If God did not exist, it would be necessary to invent him.
In Plato’s dialogue, Euthyphro, Socrates chances to meet his lawyer-friend Euthyphro. He mentions that he has been accused of corrupting the young, notably by assuming to be a "maker of gods." He has been charged with not believing in the old gods, and with introducing novelties into religion.
Euthyphro responds that he himself has been accused of being "unholy" because he is prosecuting his own father for a capital offense. But he insists that his action is demonstrably holy, and that his father’s crime of causing the death of a servant was unholy. To justify prosecuting his own father he cites the common knowledge that Zeus, "the most excellent and just among the gods," shackled his own father, Cronos, for swallowing his sons, and that Cronos earlier had exiled his own father, Uranus.
Socrates says that whenever people tell such stories about the gods, he is prone to take it ill. He pursues the question of what is or is not holy, and as to Zeus and Cronos, asks Euthyphro point blank, "Tell me: Do you actually believe that these things happen so?-- Do you actually believe that war occurred among the gods, and there were dreadful hatreds, battles, and all sorts of fearful things like that? Do we say that these things are true?"
Euthyphro replies, "Yes, Socrates, and things even more amazing."
As in so many of Plato’s dialogues, Socrates begins systematically to dissect Euthyphro’s position, asserted with such firm conviction. He subtly leads his friend into a series of admissions, and finally entangles him into a position obviously completely contradictory of what he had started out with.
But despite Socrates’ logic, Euthyphro does not revise his original assertion, and apparently has no trouble in simultaneously entertaining two contradictory beliefs. As they are about to depart, Socrates says, " So tell me, peerless Euthyphro, exactly what is holy and what is not, and do not hide from me what you judge it to be."
"Another time, Socrates," says Euthyphro, "for I am in a hurry and must be off this minute."
Plato wrote Euthyphro some four hundred years before Christ, more than 2,400 years before today. But if he were to challenge any one of us as he did Euthyphro, about our religious beliefs and philosophic mindset, what are the chances that the replies would show any appreciable advance, in logic and reasoned belief, over those of Euthyphro? I submit and shall herein demonstrate that a dispassionate view of the West’s religious mindset is long overdue, and is now imperative if civilization is not to self-destruct.
Confining myself to Judeo-Christian world views (but not necessarily excluding others), my prescription is that all shades of our religious doctrine are so overlaid with fears, superstitions, mystic impenetrability, revelatory delusions, wishful thinking, and even purposeful deceptions as to be almost impervious to analytic unpacking. And since that unpacking is a sine qua non of this treatise, the first demand here upon the reader is to agree, for the duration of the presentation, to approach the argument with complete objectivity.
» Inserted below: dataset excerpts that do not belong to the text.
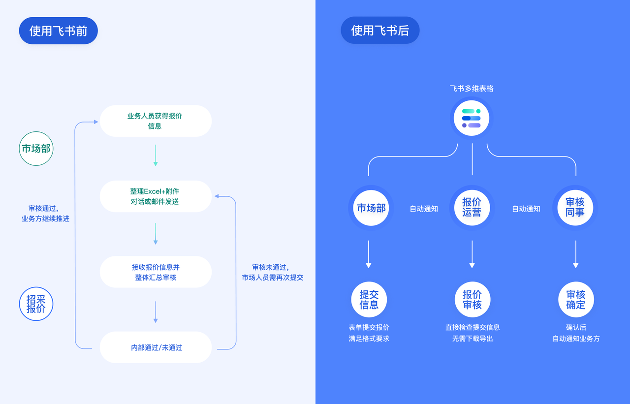通過多維表格,中海供應鏈企業輕松搭建一套輕量級的詢報價系統,把詢報價工作自動化、可視化。現在市場部門隻需在多維表格中,提交對應報價信息即可。不但簡單,也通過格式設定規範了流程。多維表格還支持自動化通知,接收到信息後運營人員便能第一時間接收到通知,反之,通過後也能自動通知市場人員快速推進。顯然,這大大減少了運營人員的反複溝通,一張表就能把控所有的報價管理。
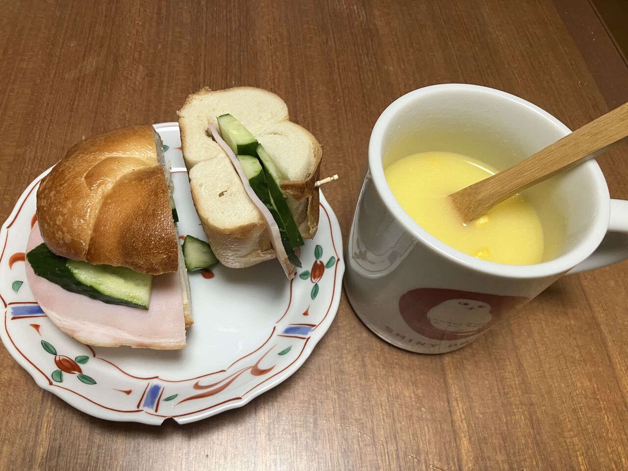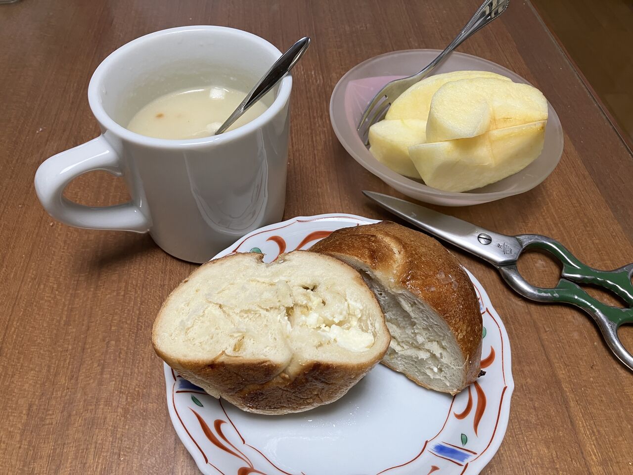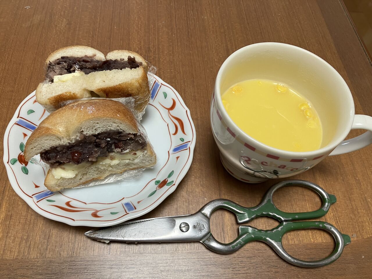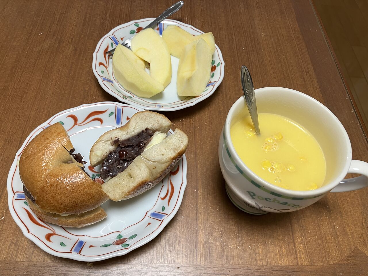 昼食、餡子バターベーグル、チンし過ぎでバターが溶けた、ポタージュスープ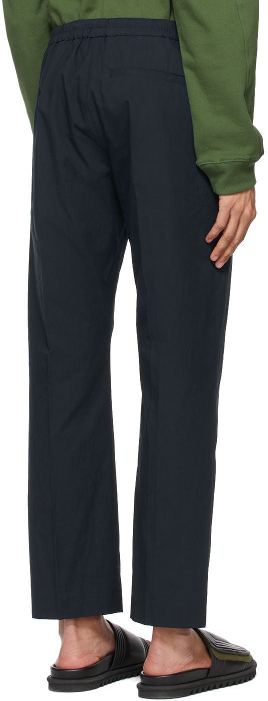 Slim-fit textured woven cotton trousers in navy. Mid-rise. Three-pocket styling. Concealed drawstring at waistband. Mock fly. Black hardware. Supplier color: Navy 100% cotton. Brand: Dries Van Noten
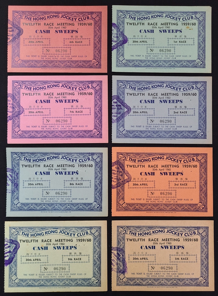 1960 (30 Apr.) The Twelfth Race Meeting of the Hong Kong Jockey Club, a total of eight Cash Sweeps of different colors from the first race to the 9th race (missing the forth race) , the same number is 06290. Rare.

Especially required is holding in abeyance any outrage when matters of cherished faith are laid open to question.
The request of the author is a simple one: Hear me out! Let our rules of discourse also be simple. A challenge will only be valid if it can be shown that the reasoning from a premise to a conclusion is false, or if a premise is arguably false or unwarranted. If a premise is advanced that goes against all previously held religious convictions, the premise is not to be outlawed on the basis of repugnance alone. To make an objection to the argument stick, either the premise or the chain of reasoning must be outlawed on unchallengeable logical grounds.